Task description: The data below contains pictures, which are to be skipped; the lines starting at the line with "<Terminator number> = 0" and ending at the line with "오피스 레이디 긴소매" are to be output exactly, both ends included.

Listed records:
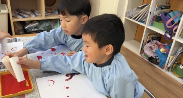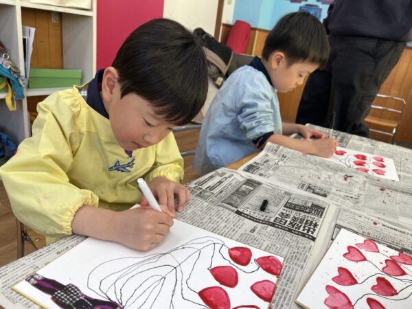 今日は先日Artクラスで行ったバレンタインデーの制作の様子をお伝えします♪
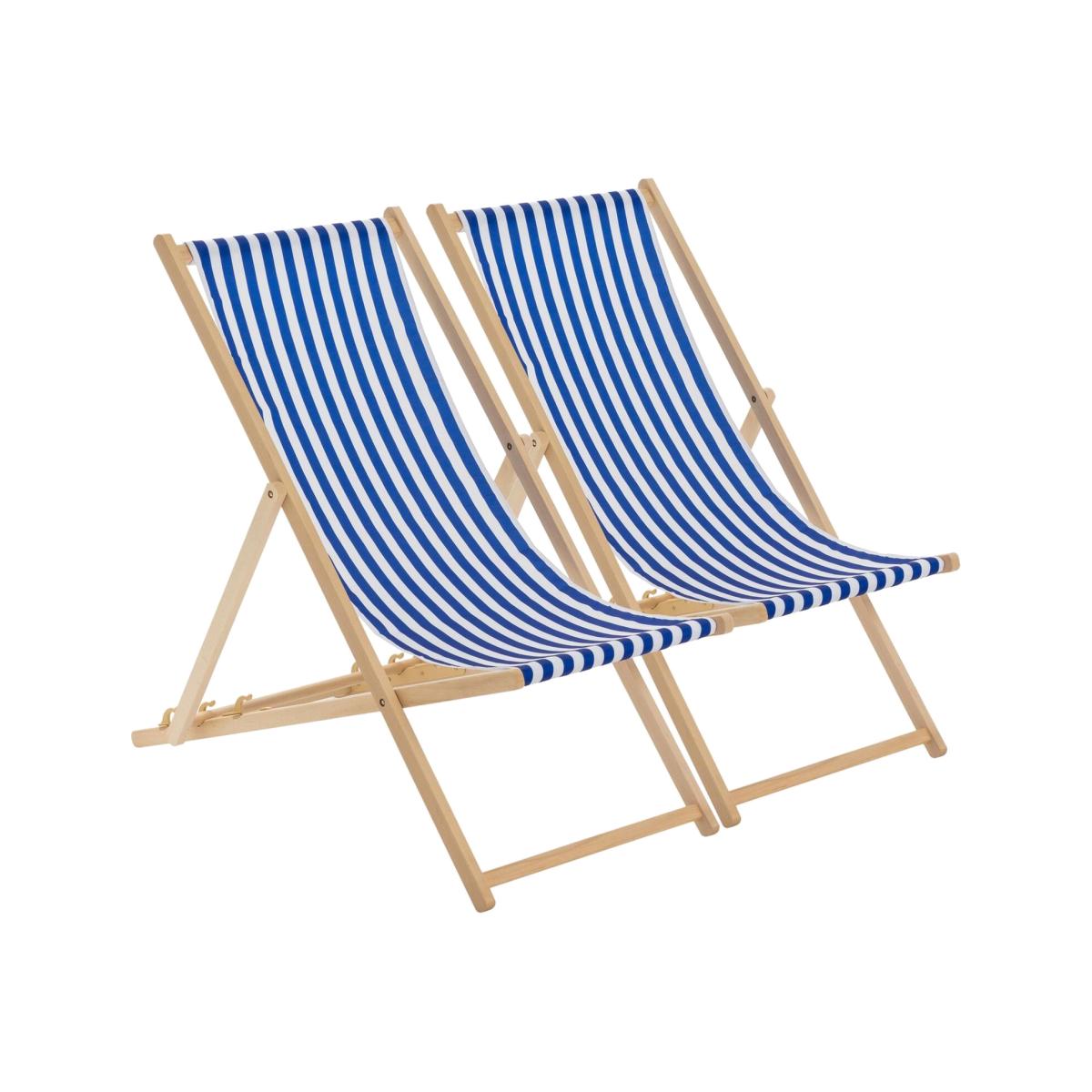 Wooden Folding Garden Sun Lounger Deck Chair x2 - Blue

==

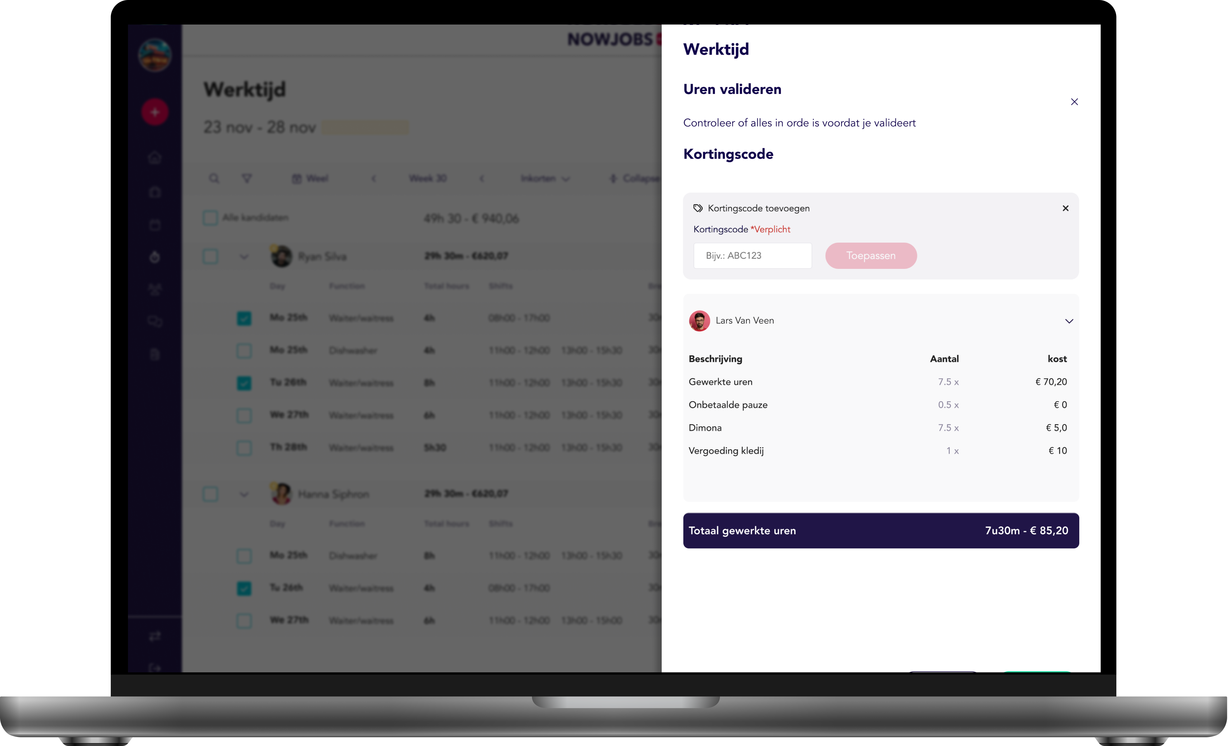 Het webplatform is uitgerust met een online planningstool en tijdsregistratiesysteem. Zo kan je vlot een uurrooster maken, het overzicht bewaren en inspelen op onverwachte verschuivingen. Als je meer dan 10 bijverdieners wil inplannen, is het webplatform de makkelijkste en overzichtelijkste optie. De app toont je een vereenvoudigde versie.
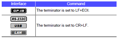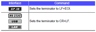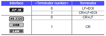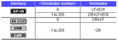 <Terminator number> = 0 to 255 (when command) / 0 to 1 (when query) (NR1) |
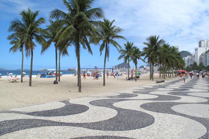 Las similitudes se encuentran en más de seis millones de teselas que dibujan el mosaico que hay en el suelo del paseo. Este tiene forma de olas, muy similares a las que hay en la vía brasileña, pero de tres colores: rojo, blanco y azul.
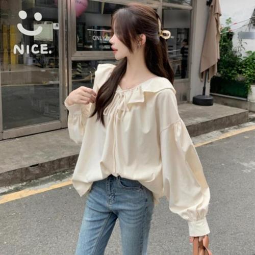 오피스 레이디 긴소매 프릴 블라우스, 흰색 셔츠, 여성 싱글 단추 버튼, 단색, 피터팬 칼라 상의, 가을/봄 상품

Solution:
 <Terminator number> = 0 to 255 (when command) / 0 to 1 (when query) (NR1) |
 Las similitudes se encuentran en más de seis millones de teselas que dibujan el mosaico que hay en el suelo del paseo. Este tiene forma de olas, muy similares a las que hay en la vía brasileña, pero de tres colores: rojo, blanco y azul.
 오피스 레이디 긴소매 프릴 블라우스, 흰색 셔츠, 여성 싱글 단추 버튼, 단색, 피터팬 칼라 상의, 가을/봄 상품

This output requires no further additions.